Читаем В одном лице полностью

Я даже вспомнил строчку ближе к концу романа, где герой глядит на себя в зеркало и говорит о своем теле: «белое, сухое, жалкое». Но на самом деле мне просто хотелось сразу же прочитать «Комнату Джованни» еще раз; так сильно она меня поразила.

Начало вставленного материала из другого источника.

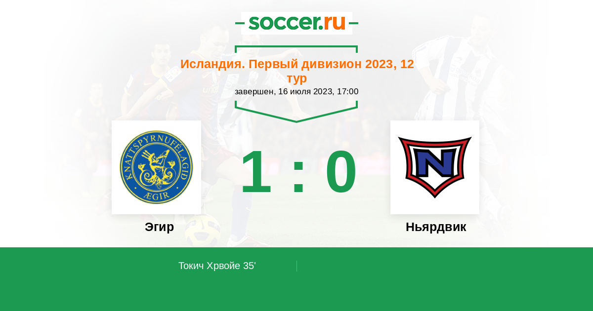 Протокол матча Эгир против Ньярдвик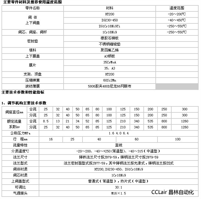 本系列产品有三通合流及三通分流两种。公称压力有PN16、40、64;公称通径范围DN25—300。适用流体温度由-60℃至+450℃。泄漏量标准为Ⅳ级。流量特性有直线、抛物线两种。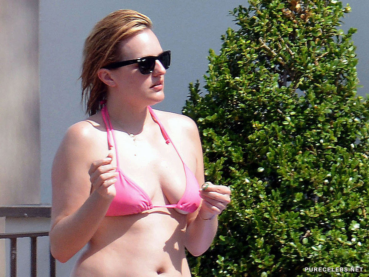 Not so long ago, photos of the American actress Elisabeth Moss leaked to the network and everyone was able to admire the figure of this charming blonde in a bikini, as well as a nude. It is worth noting that the celebrity looked insanely seductive in a small pink swimsuit and her big juicy boobs almost jumped out of her bra. No less seductive looked her ass in narrow pink thongs, which she gladly showed.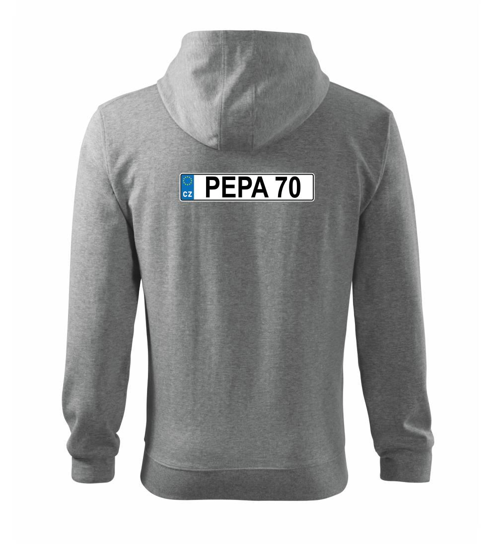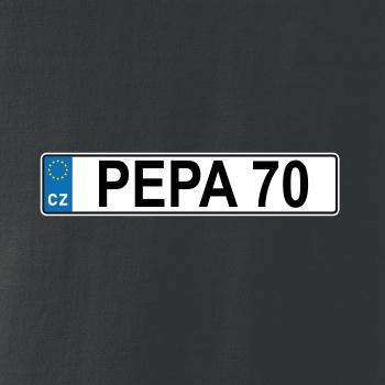 Narozeninové triko s motivem SPZ na auto. Triko pro oslavence Pepu, který slaví jubileum 70 let. Dárek k sedmdesátinám. Narozeninová poznávačka s nápisem Pepa 70. Triko s "espézetkou" k narozeninám. Oslav sedmdesátiny tímhle trikem!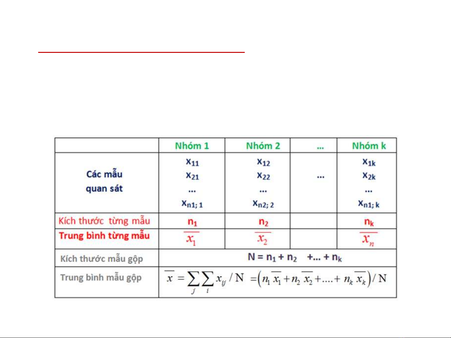Giả thiết không H0 : µ1 = µ2= … = µk .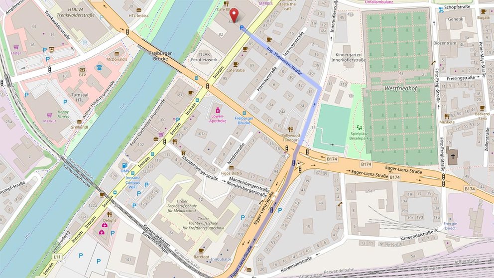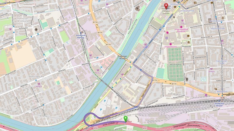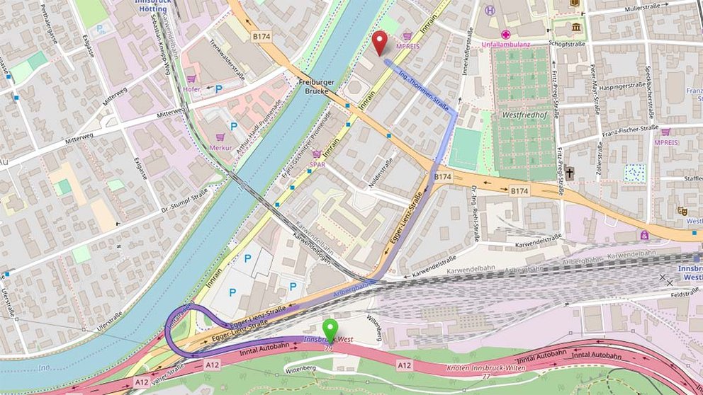 - Von A 12 bei Ausfahrt 79 – Innsbruck-West Richtung Innsbruck abfahren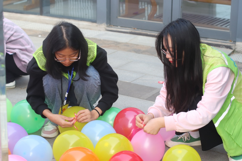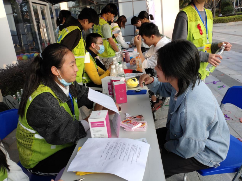 校青协的志愿者们伴随着晨曦的第一缕曙光前去武软客厅布置好场地,为迎接即将到来的防艾有奖问答活动做好准备。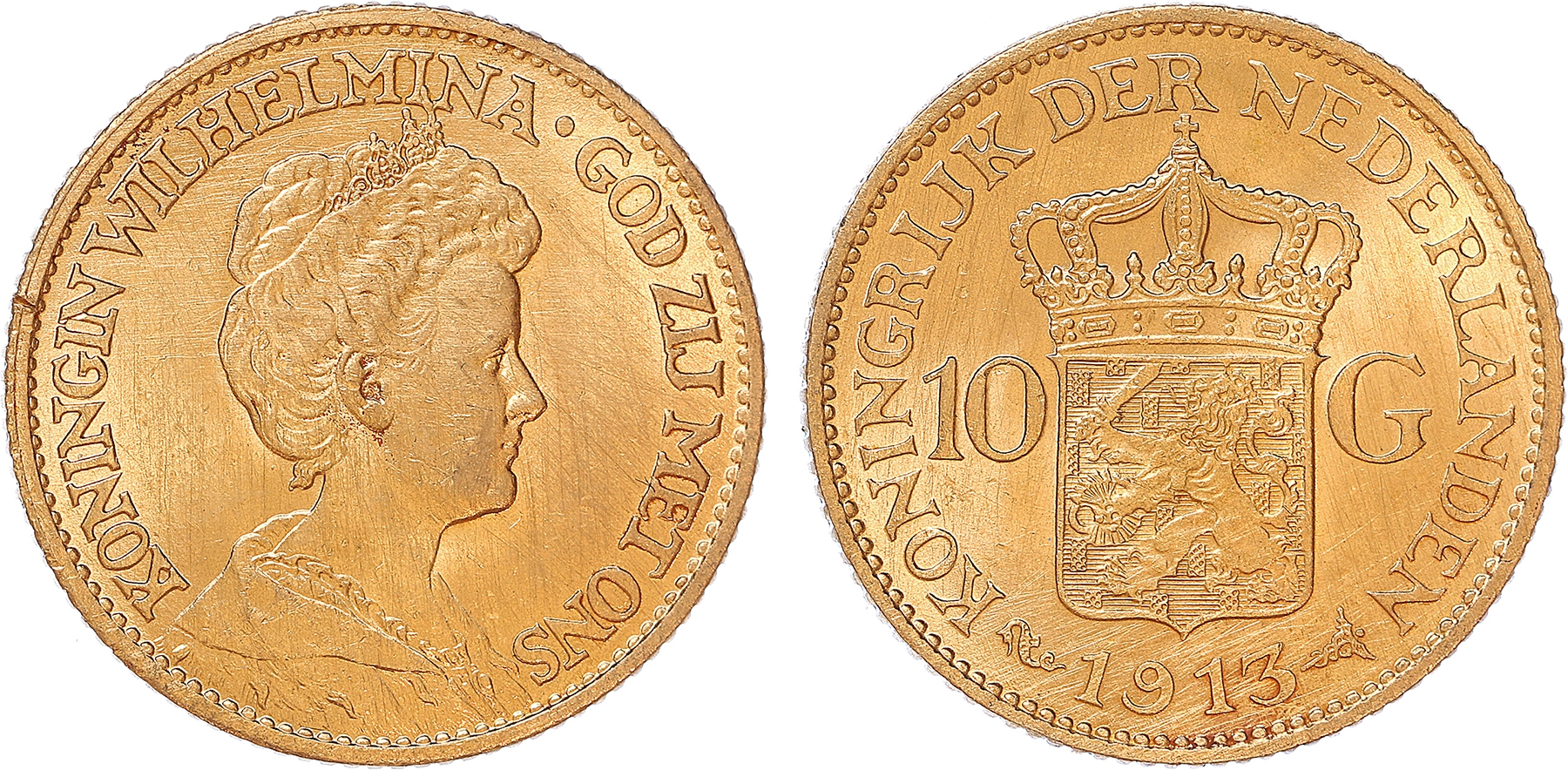 Netherlands. 10 Gulden goud 1913. Sch.747. FDC.

Это был первый роман после «Больших надежд», который мне захотелось перечесть.

Сейчас мне уже без малого семьдесят, и не так много осталось романов, которые я перечитываю и они мне все еще нравятся, — я имею в виду, среди тех, что я впервые прочел и полюбил подростком, — но недавно я в очередной раз перечел «Большие надежды» и «Комнату Джованни» и пережил не меньший восторг, чем когда читал их впервые.

Ну ладно, у Диккенса встречаются слишком затянутые предложения — ну и что с того? А те парижские трансвеститы, современники мистера Болдуина — вряд ли они были особенно убедительными. Автору «Комнаты Джованни» они не нравятся. «У меня никак не укладывалось в голове, что эти мальчики были кому-то нужны: ведь мужчина, который хочет женщину, найдет настоящую женщину, а мужчина, которому нужен мужчина, никогда не согласится иметь дело с ними», — пишет Болдуин.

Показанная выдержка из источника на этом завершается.